Many areas of the brain involved in the digestive response are also affected by stress.
Surprisingly, there is no published study comparing neural responses with food allergies in
depressed patients with decreased appetite. Loss of appetite may be the first sign of depression or
a warning to return. (Rahim & Rashid, 2017). On the other hand, some people are unable to stop
eating when they are depressed. Sudden weight loss, whether gaining or losing weight, can be a
warning sign of depression, especially for someone with other symptoms of depression or a
history of depression. "While anorexia is a common symptom of depression, feelings of sadness
or unhappiness can cause some people to overeat." Depression can also cause emotional distress,
a common occurrence when the need for food is not related to physical starvation.
Some people show histopathological and functional differences in patients with major depressive
disorders thought to cause depression. Surprisingly, although elevated and decreased appetite are
ways to prevent the diagnosis of major depressive disorder, and the main regions involved in the
pathophysiology of depression are affected by diet, there are no studies comparing neural
responses to the diet of depressed patients whose appetite appears to increase (Nemeroff, 2020).

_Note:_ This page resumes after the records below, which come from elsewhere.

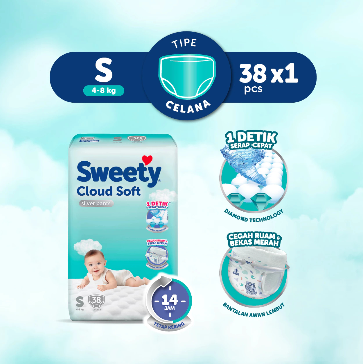 Popok Bayi SWEETY Bronze Comfort | SWEETY Silver Pants All Size
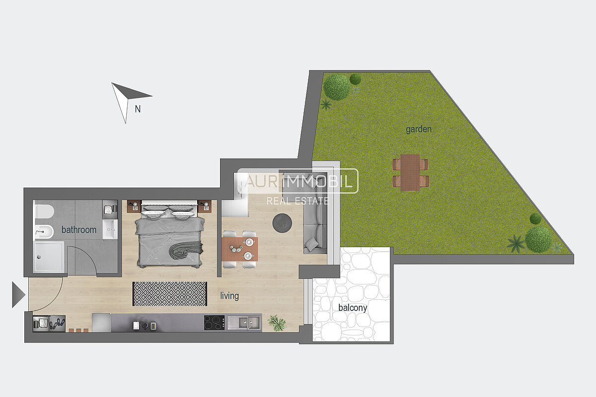 Großzügiges Studio mit durchdachter Raumaufteilung – ideal für Singles, junge Paare oder als Investition! Die Wohnung ist geräumig und funktional gestaltet, mit einer intelligenten Trennung von Wohn- und Schlafbereich – perfekt für Komfort und Privatsphäre. Sie besteht aus einem hellen Wohnraum mit Kochecke, einem Schlafbereich, einem Badezimmer und einem privaten Balkon.
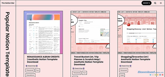 Các template Aesthetic của The Notion Bar được phân loại đa dạng, bao gồm các lựa chọn dành cho sinh viên, cá nhân, môi trường làm việc chuyên nghiệp, các hoạt động giải trí, và các dự án hợp tác. Người dùng có thể khám phá một bộ sưu tập phong phú các thiết kế độc đáo, giúp cải thiện đáng kể trải nghiệm sử dụng và tối ưu hóa không gian làm việc trên Notion.
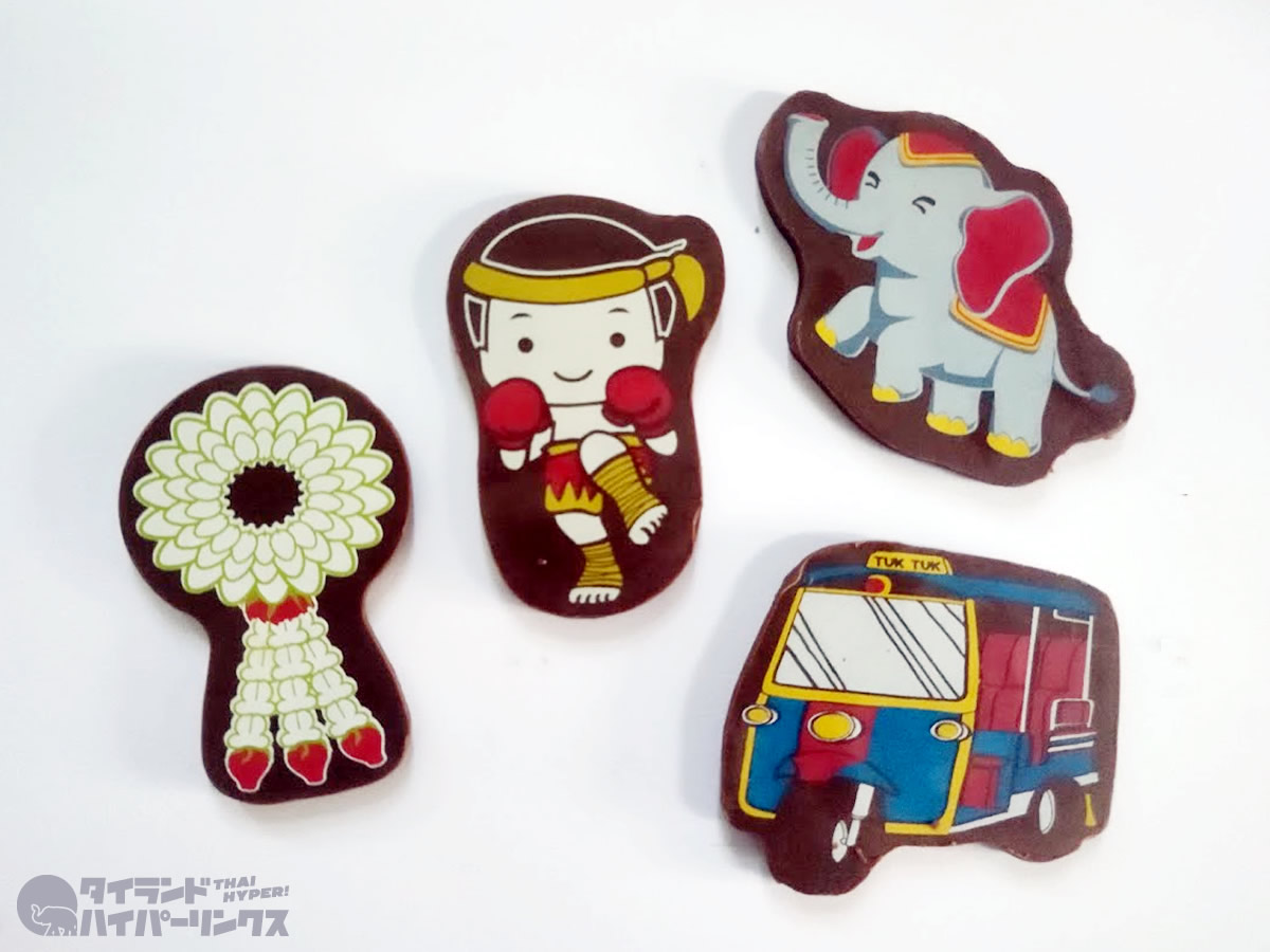 ただただカワイイ「I ❤ THAILAND」チョコレートの価格は35バーツ。タイ名物3輪タクシーのトゥクトゥクのパッケージに、トゥクトゥク、ムエタイボクサー、ゾウさん、そしてプアンマーライと呼ばれる花飾りを象ったチョコレートがセットになっています。
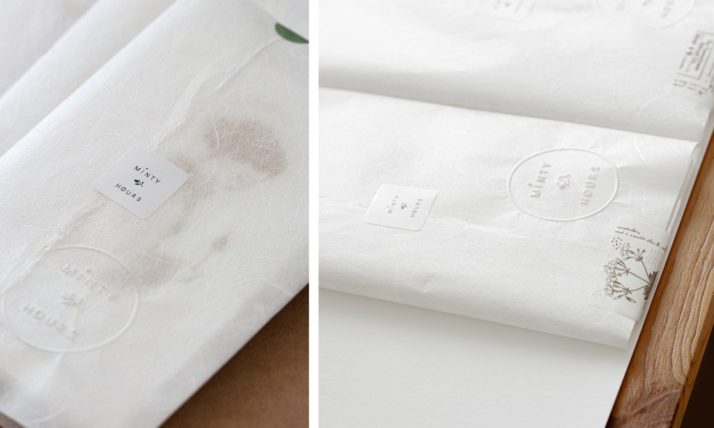 Chez Minty Hours, nous sommes très attachés aux gestes, aux outils et pratiques de l’artisanat d’art : contact avec la matière, découpe au massicot, impression manuelle, utilisation d’encres surfines et de papiers fabriqués selon des procédés très anciens.
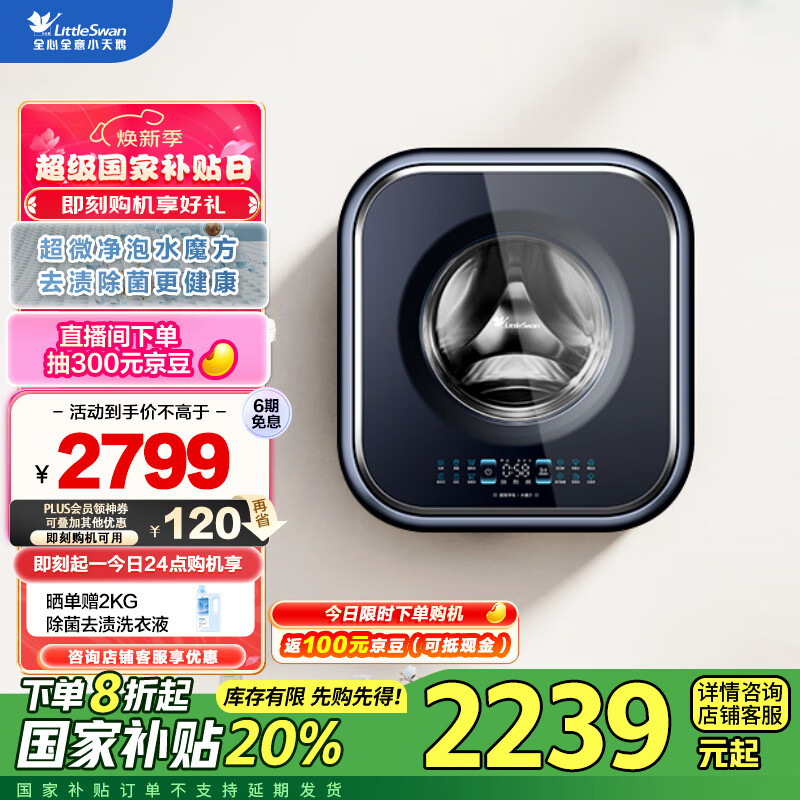 小天鹅(LittleSwan)内衣洗衣机全自动家用 婴儿洗衣机小型迷你 壁挂洗衣机 3公斤 超微净泡水魔方 除菌 TG30M80价格:2799.00元!
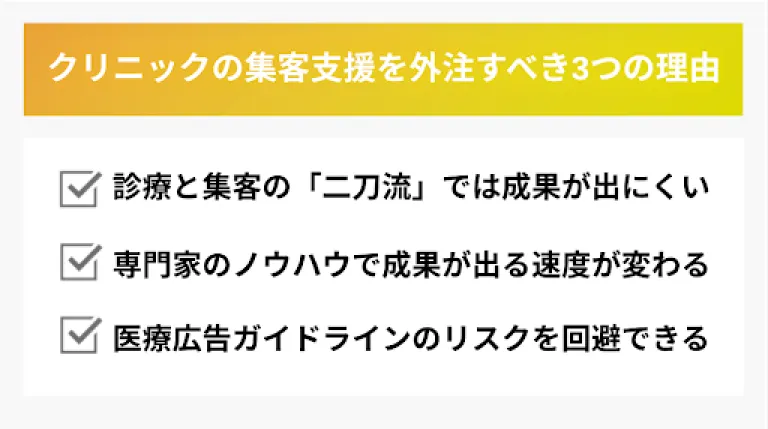 そこで注目されているのが、集客支援を外部の専門会社に委託する「外注」という選択です。ここでは、クリニックが集客支援を外注すべき3つの理由を詳しく解説します。

The internal insula showed a pattern where the depressed group with more desire showed greater
activity in food images than the reduced diet group, while the hemodynamic response of the
healthy group was between the two depressed groups. This pattern is clearly thought to reflect
the role of internal inclusion as a center for consolidation of functions within reward and non-
compliant distribution. (Lee & Rhee, 2017). This account appears to be linked to the insulin's
Dietary and weight changes are common but with the changing symptoms of major depressive
disorder: some depressed people show an increase in appetite, while others lose their appetite.
Many areas of the brain involved in the digestive response are also affected by stress.
Surprisingly, there is no published study comparing neural responses with food allergies in
depressed patients with decreased appetite. Loss of appetite may be the first sign of depression or
a warning to return. (Rahim & Rashid, 2017). On the other hand, some people are unable to stop
eating when they are depressed. Sudden weight loss, whether gaining or losing weight, can be a
warning sign of depression, especially for someone with other symptoms of depression or a
history of depression. "While anorexia is a common symptom of depression, feelings of sadness
or unhappiness can cause some people to overeat." Depression can also cause emotional distress,
a common occurrence when the need for food is not related to physical starvation.
Some people show histopathological and functional differences in patients with major depressive
disorders thought to cause depression. Surprisingly, although elevated and decreased appetite are
ways to prevent the diagnosis of major depressive disorder, and the main regions involved in the
pathophysiology of depression are affected by diet, there are no studies comparing neural
responses to the diet of depressed patients whose appetite appears to increase (Nemeroff, 2020).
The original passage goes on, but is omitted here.